Task to carry out: Write the listing out again word for word, excluding any pictures.

[Data block]

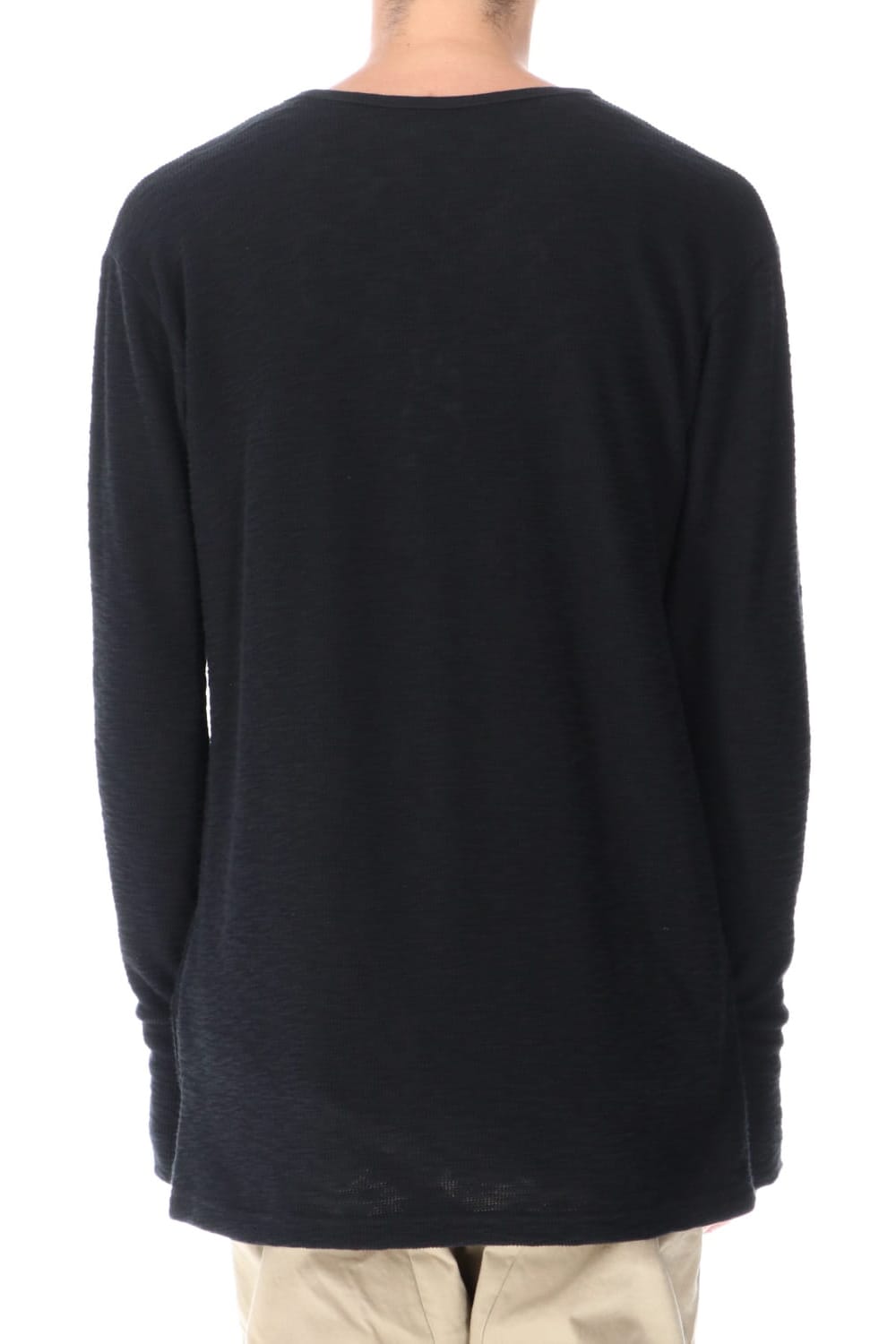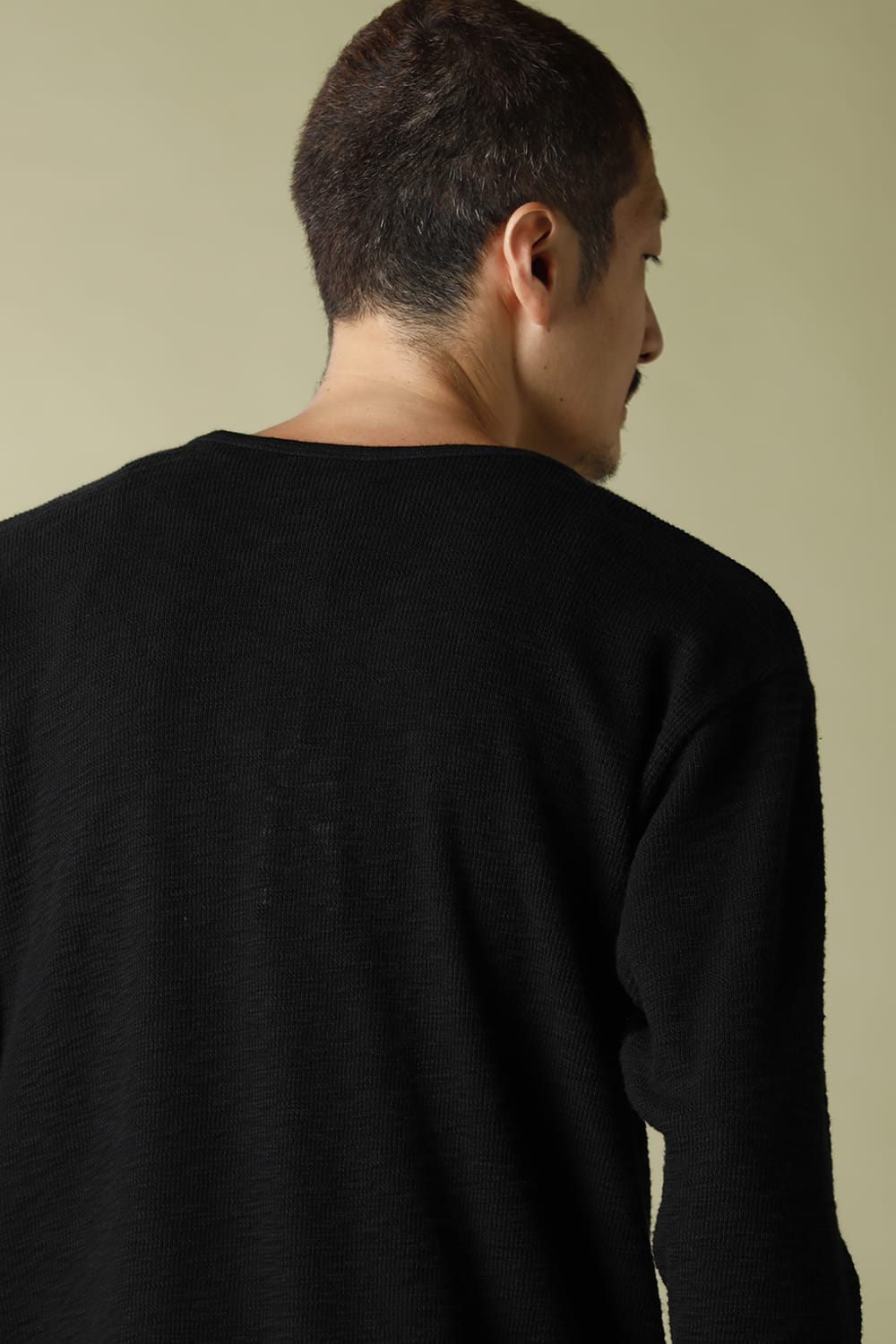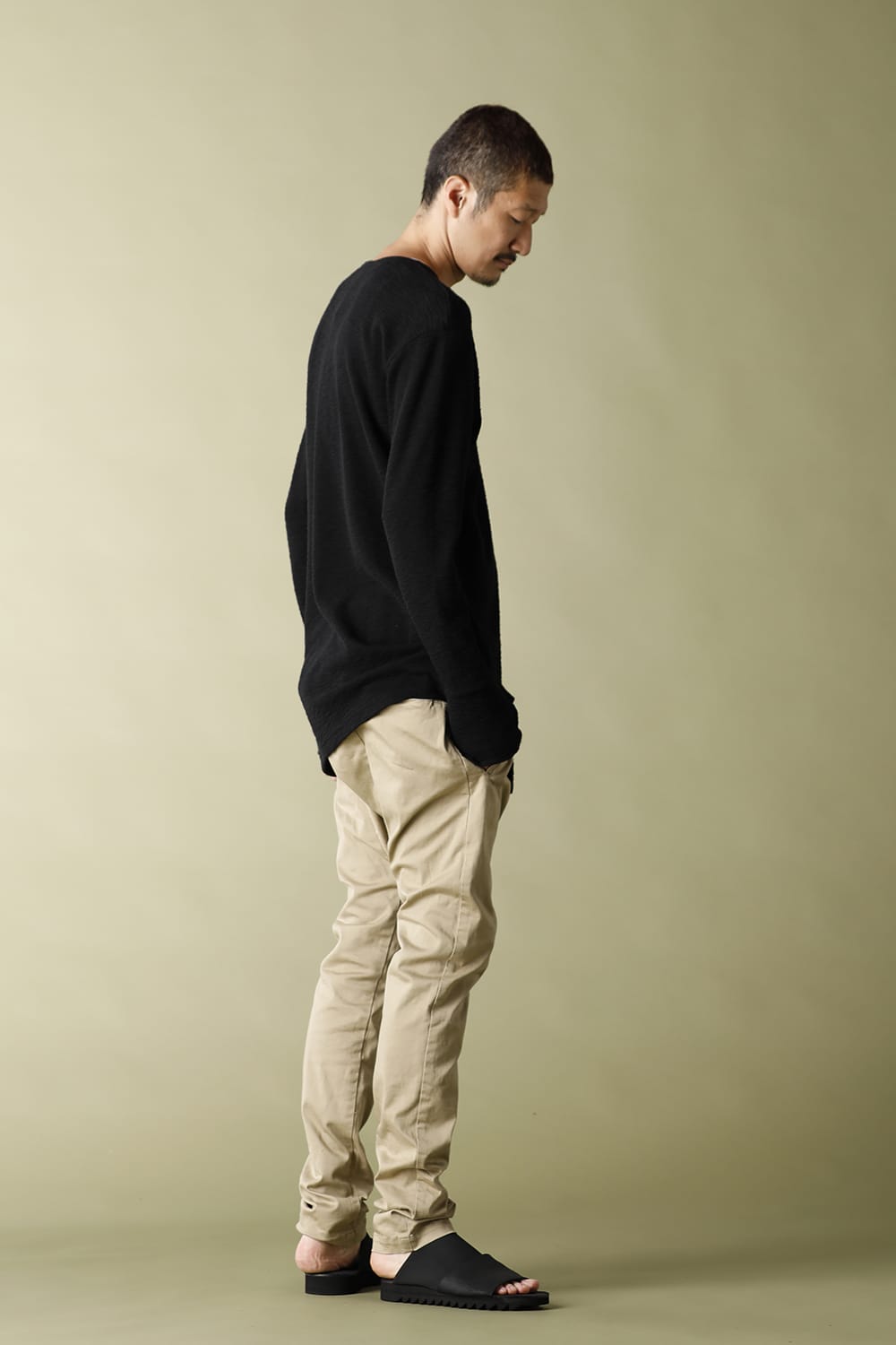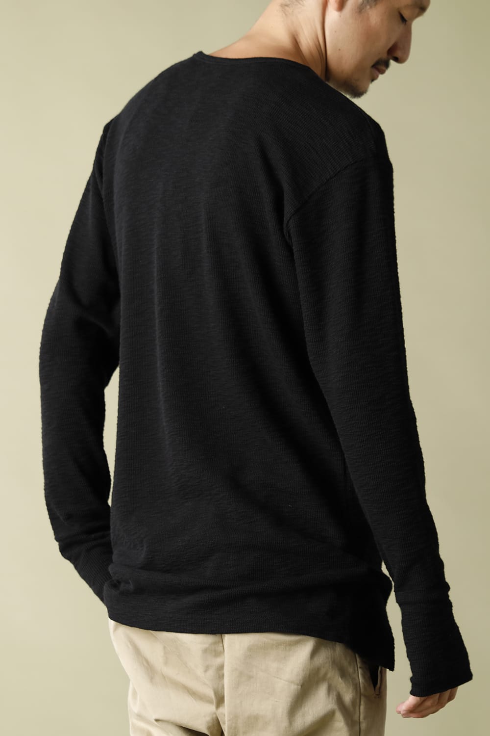 糸染めをしたスラブ糸と、染無しのスラブ糸を編立てた後に、オーバーダイを施すことで絶妙なムラ感と独特な風合いな表情を持つ素材です。
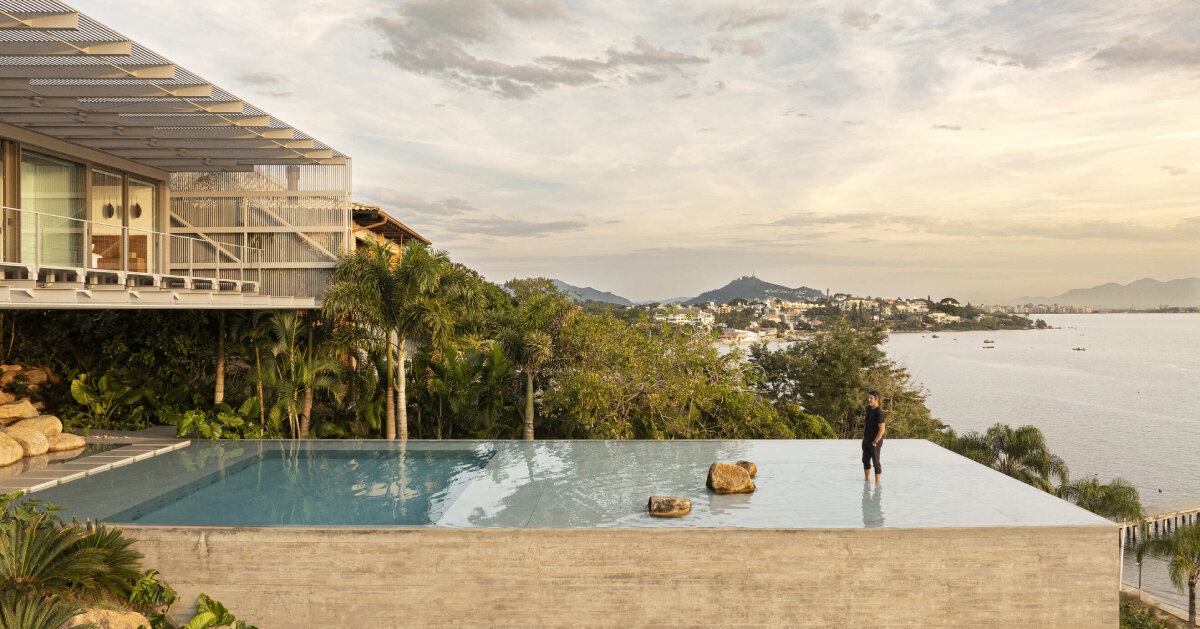 La casa ponte de Tetro se encuentra en la ladera de una colina en una isla brasileña y cuenta con una piscina infinita suspendida.
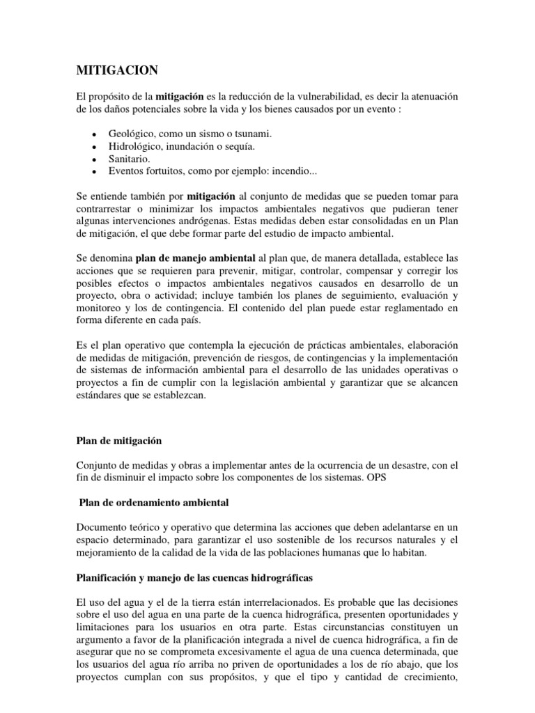 Se entiende tambin por mitigacin al conjunto de medidas que se pueden tomar para contrarrestar o minimizar los impactos ambientales negativos que pudieran tener algunas intervenciones andrgenas. Estas medidas deben estar consolidadas en un Plan de mitigacin, el que debe formar parte del estudio de impacto ambiental. Se denomina plan de manejo ambiental al plan que, de manera detallada, establece las acciones que se requieren para prevenir, mitigar, controlar, compensar y corregir los posibles efectos o impactos ambientales negativos causados en desarrollo de un proyecto, obra o actividad; incluye tambin los planes de seguimiento, evaluacin y monitoreo y los de contingencia. El contenido del plan puede estar reglamentado en forma diferente en cada pas. Es el plan operativo que contempla la ejecucin de prcticas ambientales, elaboracin de medidas de mitigacin, prevencin de riesgos, de contingencias y la implementacin de sistemas de informacin ambiental para el desarrollo de las unidades operativas o proyectos a fin de cumplir con la legislacin ambiental y garantizar que se alcancen estndares que se establezcan.

[/Data block]

Exercise response:
 糸染めをしたスラブ糸と、染無しのスラブ糸を編立てた後に、オーバーダイを施すことで絶妙なムラ感と独特な風合いな表情を持つ素材です。
 La casa ponte de Tetro se encuentra en la ladera de una colina en una isla brasileña y cuenta con una piscina infinita suspendida.
 Se entiende tambin por mitigacin al conjunto de medidas que se pueden tomar para contrarrestar o minimizar los impactos ambientales negativos que pudieran tener algunas intervenciones andrgenas. Estas medidas deben estar consolidadas en un Plan de mitigacin, el que debe formar parte del estudio de impacto ambiental. Se denomina plan de manejo ambiental al plan que, de manera detallada, establece las acciones que se requieren para prevenir, mitigar, controlar, compensar y corregir los posibles efectos o impactos ambientales negativos causados en desarrollo de un proyecto, obra o actividad; incluye tambin los planes de seguimiento, evaluacin y monitoreo y los de contingencia. El contenido del plan puede estar reglamentado en forma diferente en cada pas. Es el plan operativo que contempla la ejecucin de prcticas ambientales, elaboracin de medidas de mitigacin, prevencin de riesgos, de contingencias y la implementacin de sistemas de informacin ambiental para el desarrollo de las unidades operativas o proyectos a fin de cumplir con la legislacin ambiental y garantizar que se alcancen estndares que se establezcan.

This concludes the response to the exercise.